The benefits of healthy eating are now being given more attention than ever before and there are good reasons why this is so. The overall economy is impacted by the number of individuals who are suffering from conditions such as high blood pressure, which is directly linked to poor eating habits. While we’re constantly being advised to follow healthy eating habits, it is also easier than ever to rely on fast food and other convenience items that are not beneficial for us. It is likely that a lot of people feel it will take lots of effort to eat a healthy diet or that they have to make a large scale change to how they live. It is possible, however, to make a few minor changes that can start to make a good impact on our daily eating habits.

These better food options can be applied to other foods such as your cooking oils. Olive oil contains monounsaturated fat which can help to reduce bad cholesterol. It also has vitamin E which is great for your skin, among other things. If you currently are eating plenty of fresh fruits and vegetables, you may want to think about where you’re buying them and if it’s the best source. Organic foods are an excellent choice and will reduce any possible exposure to harmful chemical substances. If you can find a good local supplier of fresh fruit and leafy greens, you can also eat foods that have not lost their nutrients because of storage or not being picked at the right time.

Hence, it should be quite obvious that it’s easy to add healthy eating to your daily lifestyle.

We hope you got insight from reading it, now let’s go back to pumpkin cheesecake recipe. You can have pumpkin cheesecake using 17 ingredients and 5 steps. Here is how you do that.
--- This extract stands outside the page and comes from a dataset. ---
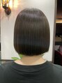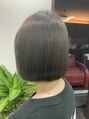 赤みの少ないオリーブブラウンと切りっぱなしボブの組み合わせ。8トーンくらいを目指していくと色味も感じ、質感も重くなくおススメ。アイロンは120-140度で通してあげると退色も少ない◎梅雨時期もOK◎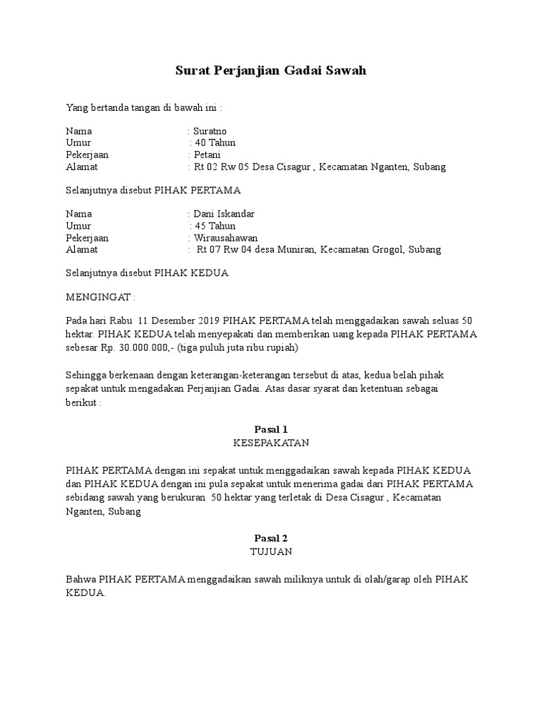 Surat Perjanjian Penggadaian Sawah | PDF - Scribd SURAT PERJANJIAN PENGGADAIAN SAWAH. Yang bertandatangan di bawah ini: Nama : Djunaedi Wardono Tempat/ Tgl Lahir : Alam at : NO. KTP. : Selanjutnya disebut PIHAK PERTAMA Yang bertandatangan di bawah ini: Nama : Nadi bin Enyim Tempat/ Tgl Lahir : Purwakarta, 10 Februari 1954 Alam at : Kampung Cintakarya Rt 013/05, Cikopo, Bungursari, Jabar NO. KTP. : 32.14.13.10.02.54.0003 Selanjutnya disebut ...

The ingredients needed to cook Pumpkin cheesecake:
  1. Provide 1 1/2 cup crushed vanilla wafers
  2. Prepare 1/3 cup sugar
  3. Provide 3 tbsp butter
  4. Use 2 packages Philadelphia cream cheese
  5. Provide 1 cup half and half or light cream
  6. Take 1 can Pumpkin
  7. Get 3/4 cup sugar
  8. Use 3 tbsp all-purpose flour
  9. Use 1 1/2 tsp vanilla extract
  10. Use 1 tsp ground cinnamon
  11. Prepare 1/2 tsp ground ginger
  12. Prepare 1/2 tsp ground nutmeg
  13. Provide 1/4 tsp salt
  14. You need 4 large eggs
  15. Prepare 8 oz sour cream
  16. Provide 2 tbsp sugar
  17. Provide 1/2 tsp vanilla extract
Instructions to make Pumpkin cheesecake:
  1. For crust, combine crumbs, the 1/3 cup sugar, and melted butter. Press on to bottom and about 2 inches up sides of an ungreased 9-inch springform pan. Bake in 325°F oven for 5 minutes; set aside
  2. For filling, beat cream cheese, half and half, pumpkin, the 3/4 cup sugar, flour, the 1 1/2 teaspoon vanilla, cinnamon, ginger, nutmeg, and salt with an electric mixer until smooth. Add eggs, beating on low speed just until combined.
  3. Spoon filling into crust lined pan. Place springform pan in a shallow baking pan. Bake in 325°F oven for 1 hour or until center appears nearly set when gently shaken.
  4. Combine the sour cream, the 2 tablespoons of sugar, and half teaspoon vanilla extract; spread over cheesecake. Bake for 5 minutes more.
  5. Cool in springform pan on a wire rack for 15 minutes. Loosen crust from sides of pans with a thin blade knife or narrow spatula and cool 30 minutes more. Remove sides of pan cool one hour. Cover and chill at least 4 hours or up to 24 hours. To store cheesecake, cover thoroughly with plastic wrap and refrigerate for up to 3 days.